Deadfalls and Snares

I am fascinated by old books written by the pioneers, and every so often, I am lucky enough to find one that gives information that is useful for preparedness.  Today I found a book written in 1907 called “Deadfalls and Snares” by A R Harding.  It is a large book on how to set and build many different types of traps, deadfalls and snares.  In addition, the book covers various methods of skinning and taking care of the hides.

The book can be downloaded from the following site for free or purchased on Amazon for about $12.00.

This book is a good addition to your library and shows a lot of old method of making deadfalls that I have not encountered in the past.  Since this book was written in the early part of the last century, the information contained in this book comes from trappers who were actually still using deadfalls and snares on their trap lines.  Many of the methods discussed predate the easy availability of steel traps.


3 thoughts on “Deadfalls and Snares”

  1. Christopher de Vidal

    You’ll notice that many of these homemade snares/traps books have drawings and not pictures; Could it be that they don’t work well enough to warrant a picture?

    (Yes I realize this particular book is from 1907, but they did have cameras; and also I’m speaking in general.)

    What does that teach us? Don’t wait til the balloon goes up to find out that the deadfall you were going to depend upon requires weeks or months of practice. Maybe they do work, but you’ve got to practice, practice, practice.

    I’m working to improve my odds from day one; I will be practicing these homemade deadfalls but also I bought a book on using Conibear traps and wire snares from Bruce “Buckshot” Hemming, along with some snares and traps, and it was a good investment. Next is to practice 🙂

  2. If you want to feed yourself, long term, in the wild places, trapping is the most productive way to do it. However, 2 or 3 traps will not do. To or three DOZEN will do the job. Buckshot’s website is a good resource. So is the USRSOG “Green Book,” entitled “Six Ways In and Twelve Ways Out”. A dozen #10 Conibears, 20 Thompson snares, ten military speed hooks, 50 no.2 or larger treble hooks and 1000 ft. of 16 gage steel wire is a good start.

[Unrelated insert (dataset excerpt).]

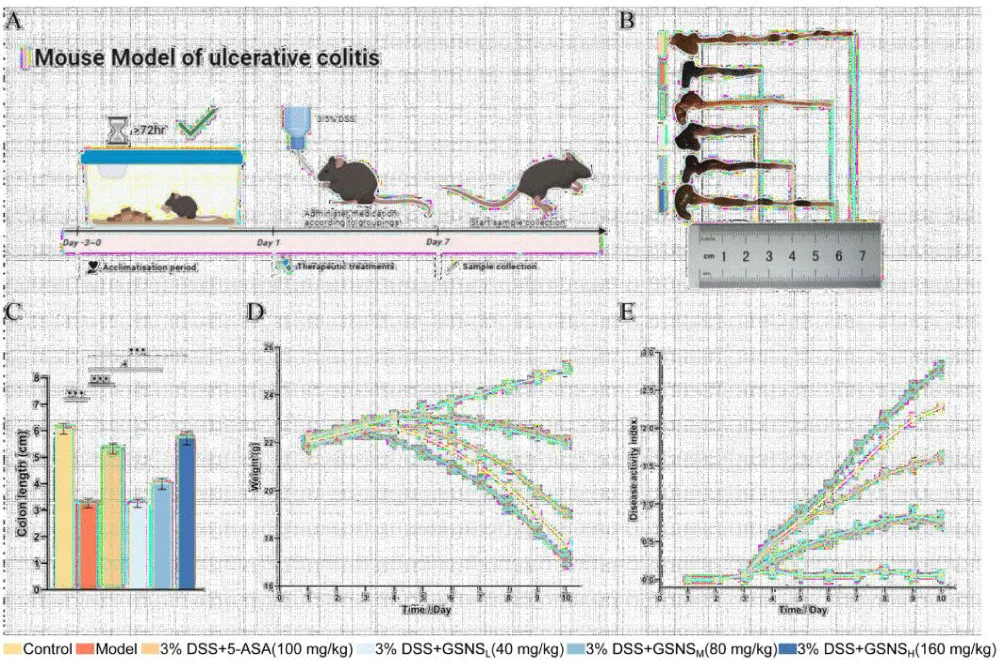 Male C57BL/6J mice weighing 20 ± 2 g were obtained from Speifu (Beijing) Biotechnology Co., Ltd. (Changchun, China; licence no. SYXK (Ji) 2021-0003). After a three-day acclimatisation period under controlled conditions (25 ± 2℃, 60 ± 5% relative humidity, 12 h light/dark cycle), the mice were randomly divided into six groups (n = 6). The control group received normal drinking water. The model group received 3.5% (w/v) DSS in drinking water for 7 days. The positive control group received 3.5% DSS water plus 5-ASA (100 mg/kg/day) by oral gavage. Three treatment groups (GSNSL, GSNSM, GSNSH) received 3.5% DSS water plus GSNS at doses of 40, 80, and 160 mg/kg/day, respectively, via oral gavage. Drug administration (5-ASA and GSNS) was performed daily from day 4 to day 10. On day 11, all mice were euthanised. Peripheral blood was collected via orbital bleeding, and colon tissues as well as intestinal contents were immediately harvested for subsequent analysis (see experimental timeline in Figure 2). Animal experiments used six mice per group (n = 6) based on pilot study effect sizes for sufficient statistical power. For molecular analyses (Western blot, qPCR), three randomly selected samples per group (n = 3) served as biological replicates, sufficient to validate in vivo mechanisms. This design follows the Reduction principle of the 3R framework (Replacement, Reduction, Refinement), minimizing animal use while maintaining data reliability [21]. All assays included three technical replicates. All procedures were approved by the Animal Care and Use Committee of the School of Pharmacy, Jilin University (Approval No. 20250121) and conducted in accordance with relevant guidelines.

  3. Treble hooks rigged on stealth wire also great for perimeter security, very commonly used by gangs, with large enough hook set and shark line to stop infiltrators. Original use dates to CBI during WW2, using hook line as tension release trigger for IEDs rigged to treeburst to take out enemy patrols, 50-50 mix of WP and frag. But treble hooks on 550 cord will stop progress of intruders right now!